WHAT YOU SHOULD DO —
An exact retyping of all lines below is the answer; pictures do not belong in it.

AVAILABLE DATA —
[Start of Attachment]
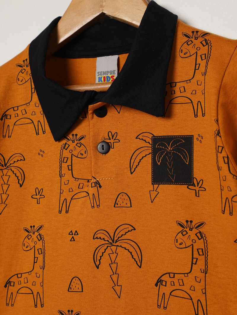Polo Malha Manga Curta Infantil Para Menino - CARAMELO
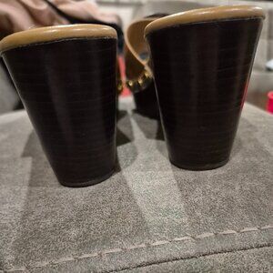 Beautiful Wedge Tory Burch slides - basically new. Not work outside - the little size sticker is still attached. Oddly there is a small pink stain on the interior but the exterior are in great shape, no nicks or scuffs. Basically almost perfecT
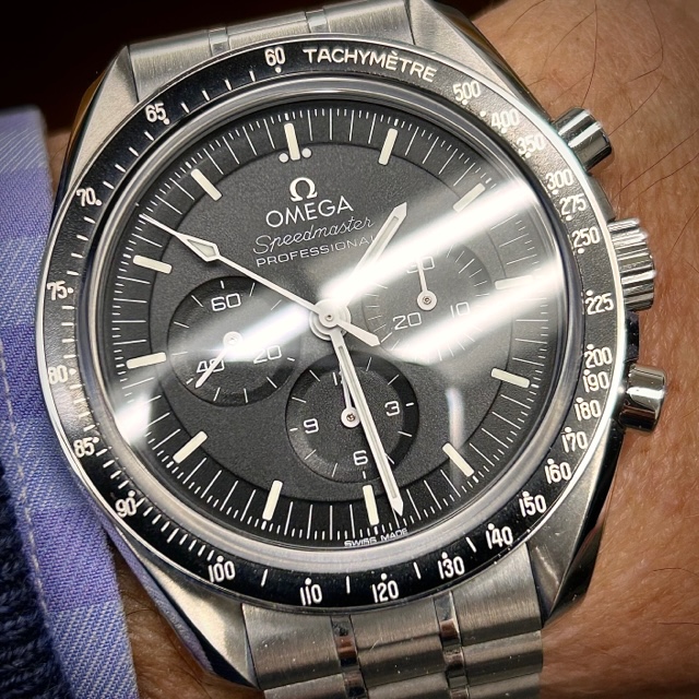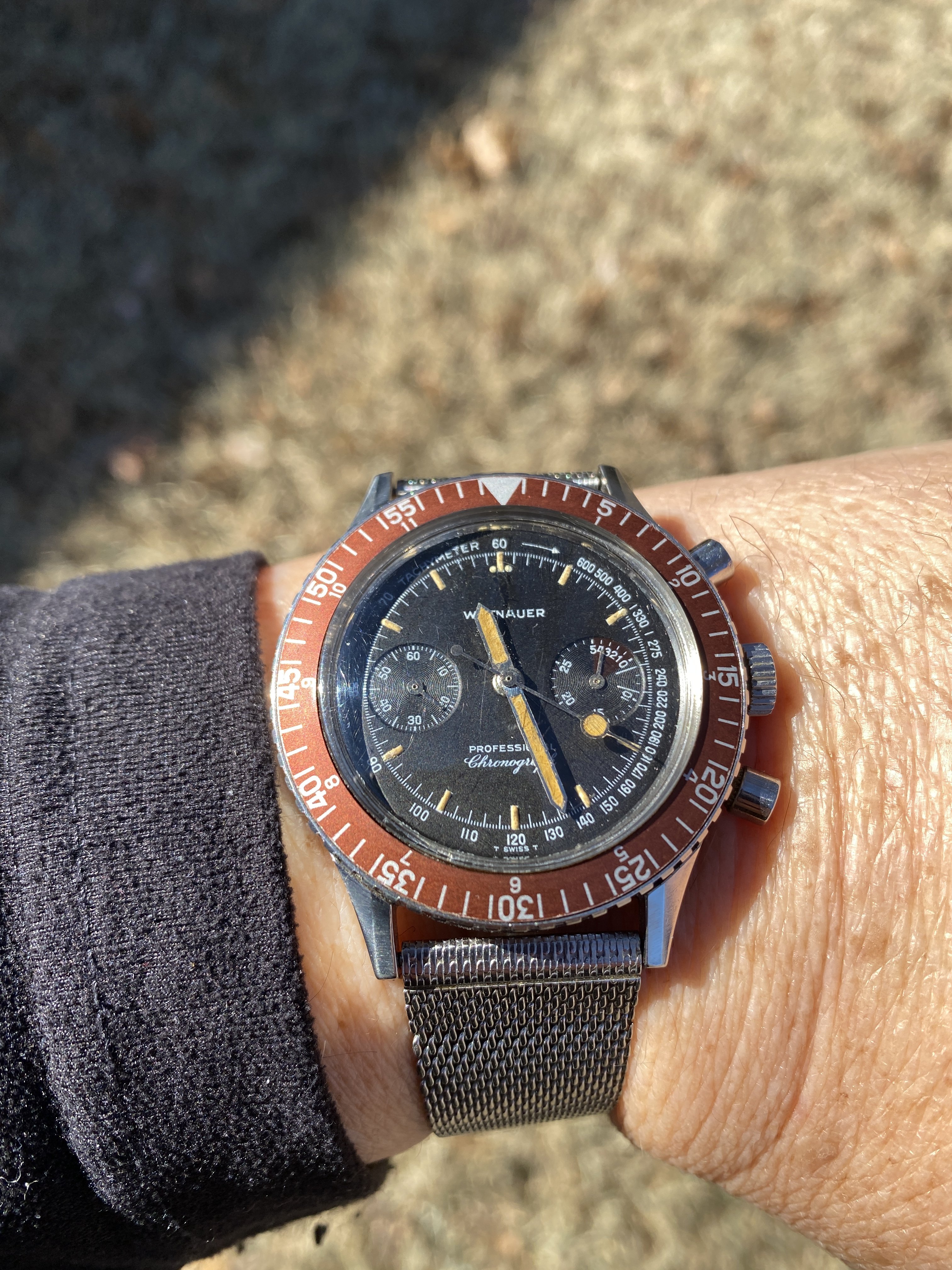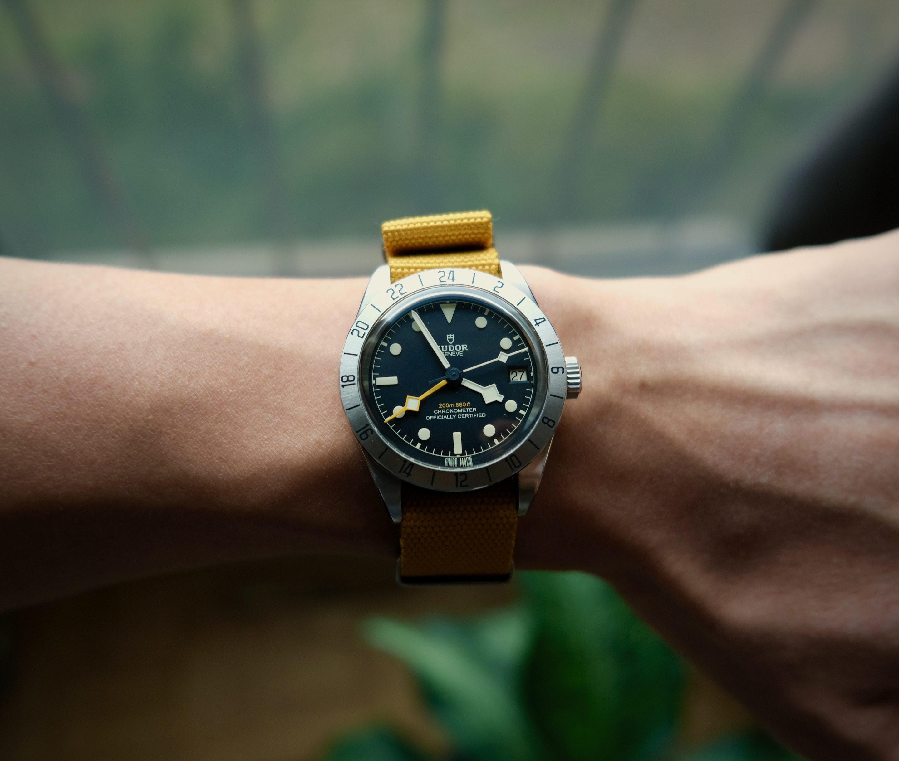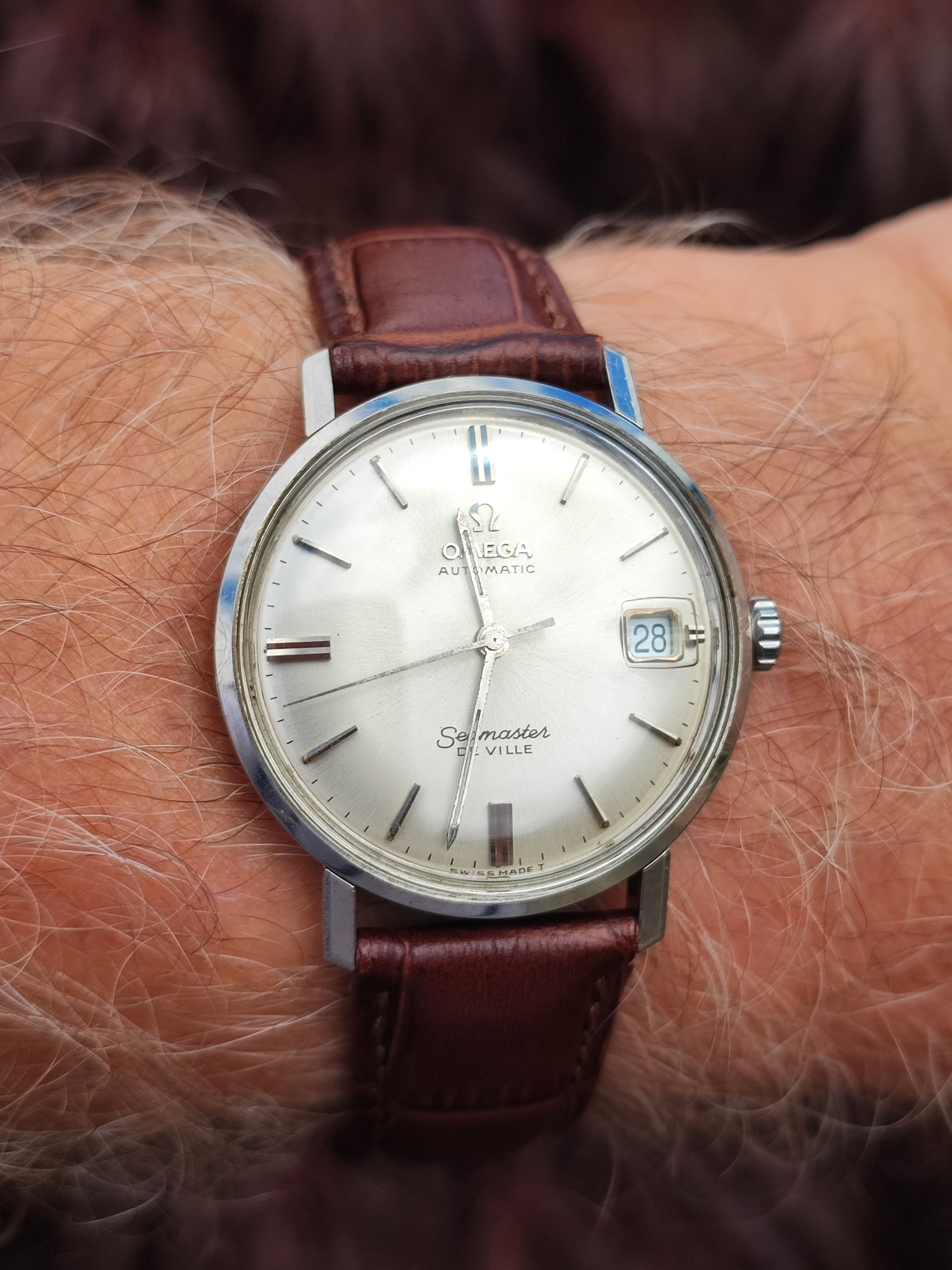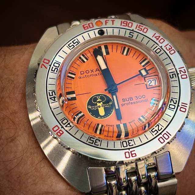 Non-Swiss today, a Grand Seiko Spring Drive GMT. This watch has a chocolate sun ray dial, Seiko puts it on a black croc strap which never seemed right to me to I ordered a padded beige Genteel calf strap with brown stiching to bring it all together. Uncanny accuracy with these watches and the GMT function is easy to use when travelling.
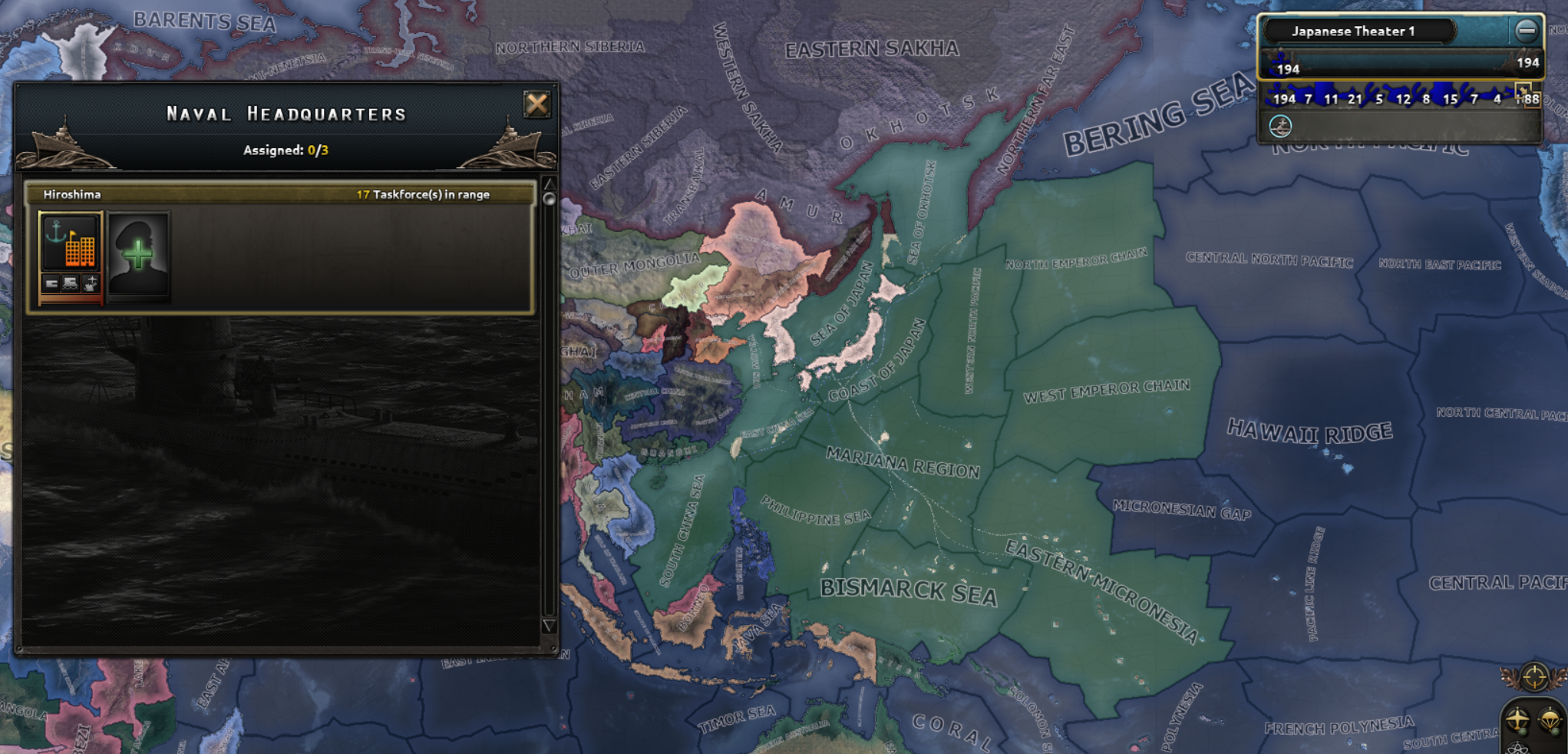 Naval Headquarters позволяют назначить адмирала: все task force в радиусе штаб‑квартиры получают бонусы, зависящие от навыков адмирала. В свою очередь, успешные операции в этом радиусе приносят опыт командующему. Как и Supply Hubs, некоторые штабы уже присутствуют на старте игры — например, Норфолк или Перл‑Харбор.
[End of Attachment]
PROBLEM SOLUTION —
Polo Malha Manga Curta Infantil Para Menino - CARAMELO
 Beautiful Wedge Tory Burch slides - basically new. Not work outside - the little size sticker is still attached. Oddly there is a small pink stain on the interior but the exterior are in great shape, no nicks or scuffs. Basically almost perfecT
 Non-Swiss today, a Grand Seiko Spring Drive GMT. This watch has a chocolate sun ray dial, Seiko puts it on a black croc strap which never seemed right to me to I ordered a padded beige Genteel calf strap with brown stiching to bring it all together. Uncanny accuracy with these watches and the GMT function is easy to use when travelling.
 Naval Headquarters позволяют назначить адмирала: все task force в радиусе штаб‑квартиры получают бонусы, зависящие от навыков адмирала. В свою очередь, успешные операции в этом радиусе приносят опыт командующему. Как и Supply Hubs, некоторые штабы уже присутствуют на старте игры — например, Норфолк или Перл‑Харбор.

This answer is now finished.